Records drawn from a dataset
- - - - -
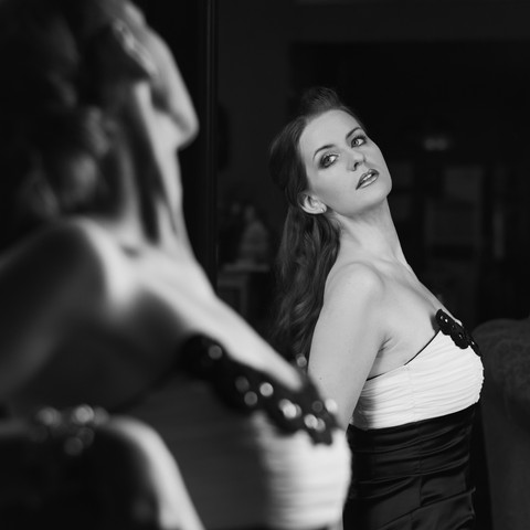 When he entered the room, she was standing in front of the mirror, pinning up the last strands of her hair. Standing in a long dress highlighting her beautiful shapes. Only in the dress. He came from behind, placing his large paw on her lower belly, kissing her neck warmly. A pleasant shiver ran down her neck, so she closed her eyes and leaned her back safely on him. He watched in the mirror as she was dancing gracefully under his touch. At one point she turned to him and kissed him passionately on the lips, touching his bare chest with admiration. Finally she whispered:(...)
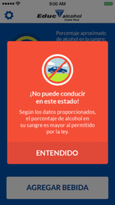 Esta herramienta le permite a las personas conocer cuál es el impacto que podría tener su consumo de alcohol en el organismo. Con solo ingresar 3 datos (género, edad y tipo de bebida), la aplicación le indica a los usuarios el porcentaje promedio de alcohol en la sangre y cuál es la afectación que podrían tener para coordinar, movilizarse o comunicarse. Además muestra la hora en la que inicia el consumo y el tiempo estimado de recuperación.
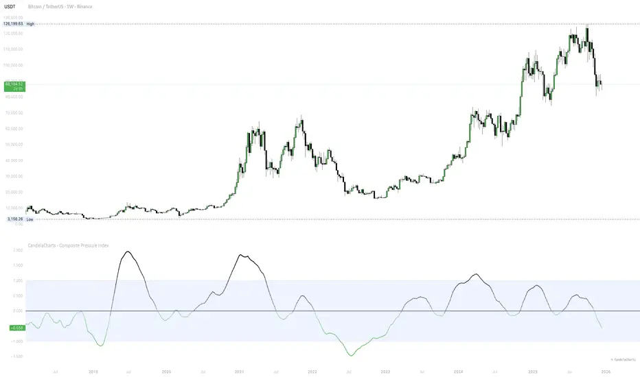 The CandelaCharts – Composite Pressure Index (CPI) is a multi-factor oscillator that blends RSI, Money Flow Index (MFI), and Chaikin Money Flow (CMF) into a single, stretchable “pressure” line. Instead of looking at three separate indicators, CPI compresses price momentum and volume flow into one normalized curve around 0, then amplifies extremes using a rolling z-score.
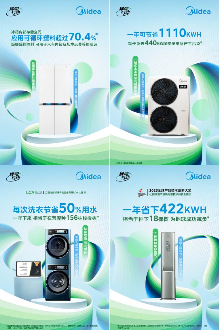 以美的人感科技?微晶口感保鮮冰箱為例,該系列產品內部存儲空間應用可循環塑料超過了70.4%;相較于同類產品,一臺美的人感科技?鮮凈感空氣機,一年使用時間可節電422kW·h,這相當于種下了18棵樹。
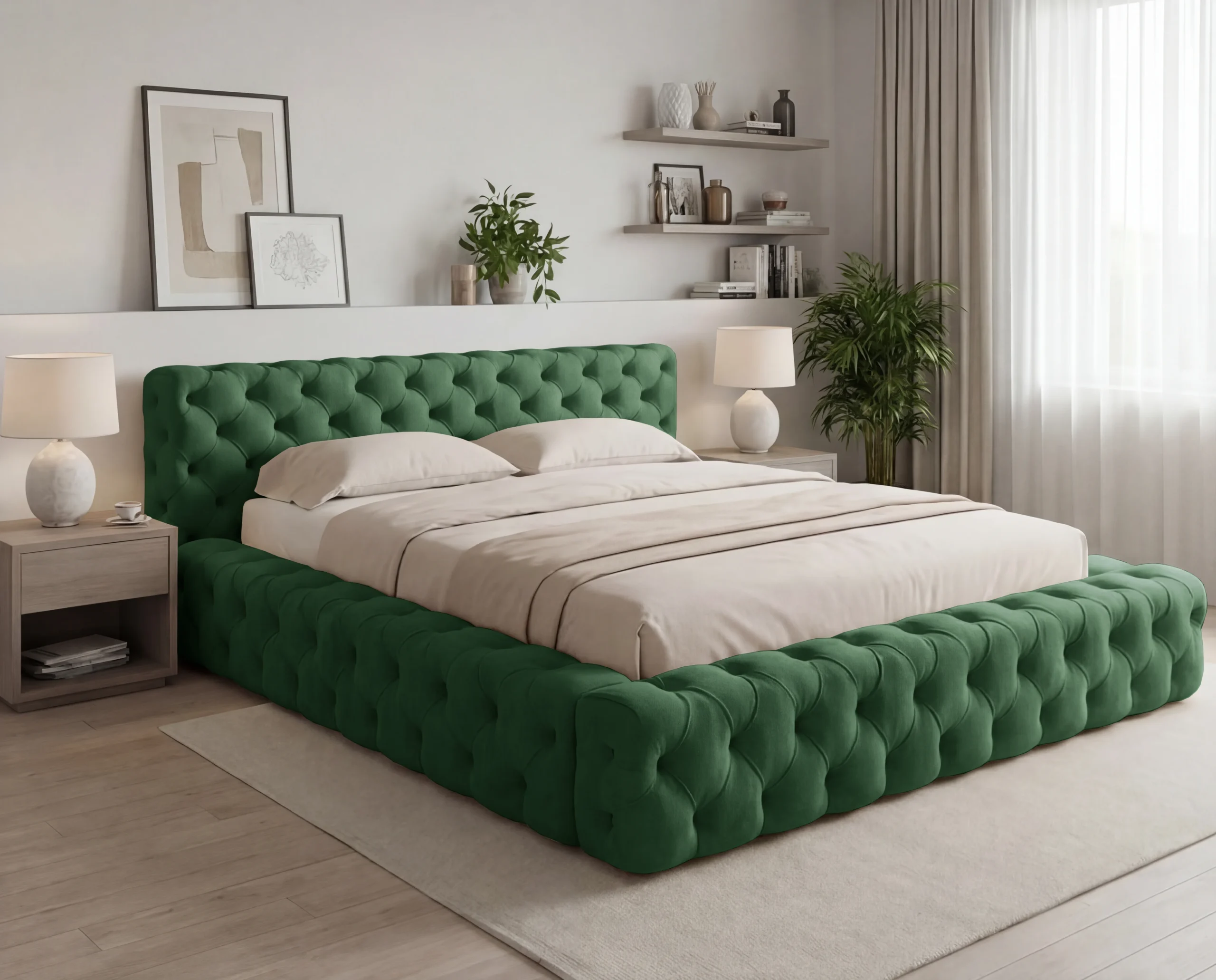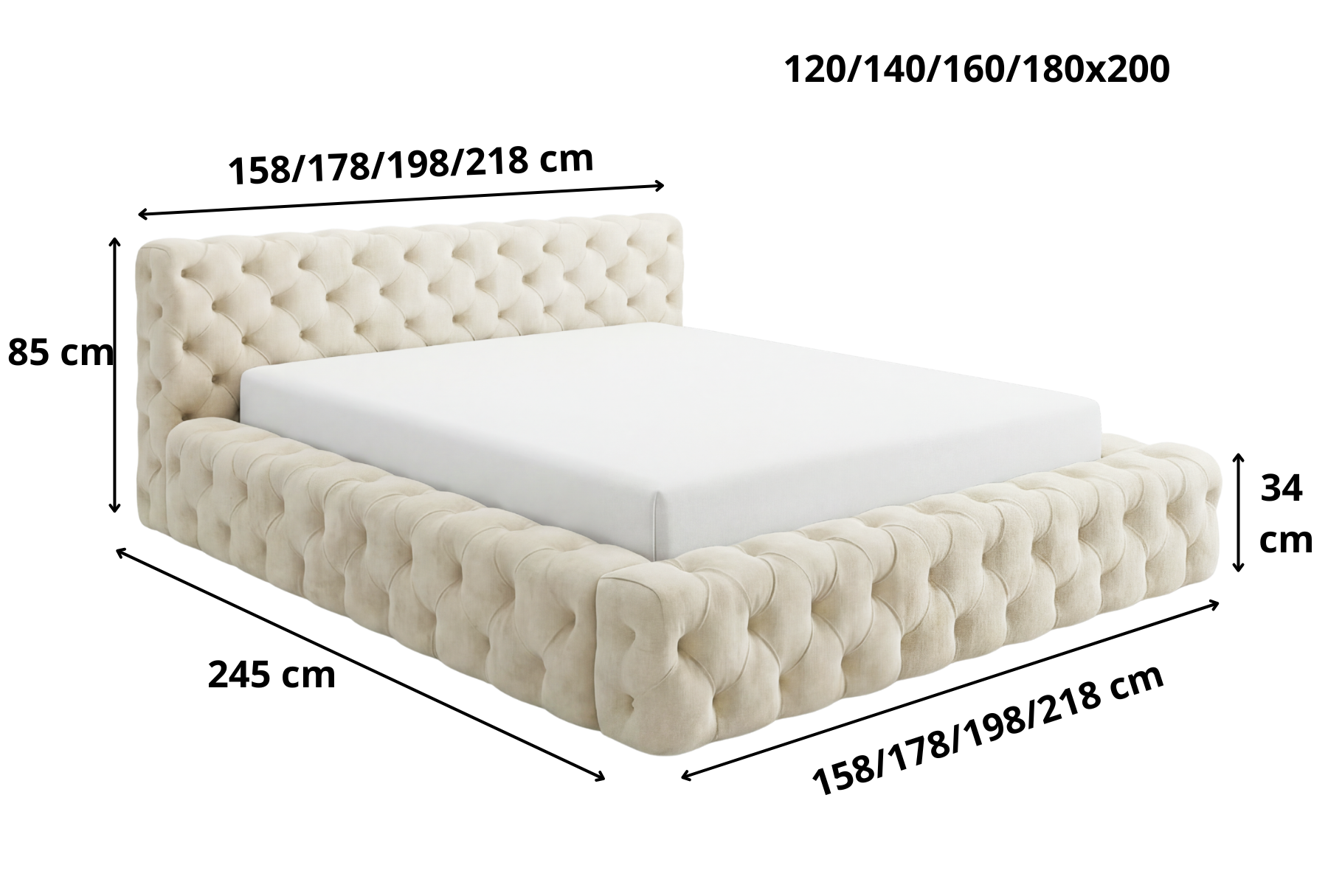 Łóżko Winston – Magic Velvet, Styl Chesterfield, Pojemnik i Stelaż Metalowy
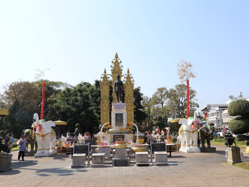 Na het park, dat vrij ver buiten Chiang Rai ligt, zijn we terug naar de stad gegaan naar het King Mangrai Monument. Hij stichtte Chiang Rai in 1262 als eerste hoofdstad. In 1296 stichtte hij Chiang Mai.
- - - - -
Every record must be returned exactly. Leave its pictures out.

- [Solution for this exercise]
 When he entered the room, she was standing in front of the mirror, pinning up the last strands of her hair. Standing in a long dress highlighting her beautiful shapes. Only in the dress. He came from behind, placing his large paw on her lower belly, kissing her neck warmly. A pleasant shiver ran down her neck, so she closed her eyes and leaned her back safely on him. He watched in the mirror as she was dancing gracefully under his touch. At one point she turned to him and kissed him passionately on the lips, touching his bare chest with admiration. Finally she whispered:(...)
 Esta herramienta le permite a las personas conocer cuál es el impacto que podría tener su consumo de alcohol en el organismo. Con solo ingresar 3 datos (género, edad y tipo de bebida), la aplicación le indica a los usuarios el porcentaje promedio de alcohol en la sangre y cuál es la afectación que podrían tener para coordinar, movilizarse o comunicarse. Además muestra la hora en la que inicia el consumo y el tiempo estimado de recuperación.
 The CandelaCharts – Composite Pressure Index (CPI) is a multi-factor oscillator that blends RSI, Money Flow Index (MFI), and Chaikin Money Flow (CMF) into a single, stretchable “pressure” line. Instead of looking at three separate indicators, CPI compresses price momentum and volume flow into one normalized curve around 0, then amplifies extremes using a rolling z-score.
 以美的人感科技?微晶口感保鮮冰箱為例,該系列產品內部存儲空間應用可循環塑料超過了70.4%;相較于同類產品,一臺美的人感科技?鮮凈感空氣機,一年使用時間可節電422kW·h,這相當于種下了18棵樹。
 Łóżko Winston – Magic Velvet, Styl Chesterfield, Pojemnik i Stelaż Metalowy
 Na het park, dat vrij ver buiten Chiang Rai ligt, zijn we terug naar de stad gegaan naar het King Mangrai Monument. Hij stichtte Chiang Rai in 1262 als eerste hoofdstad. In 1296 stichtte hij Chiang Mai.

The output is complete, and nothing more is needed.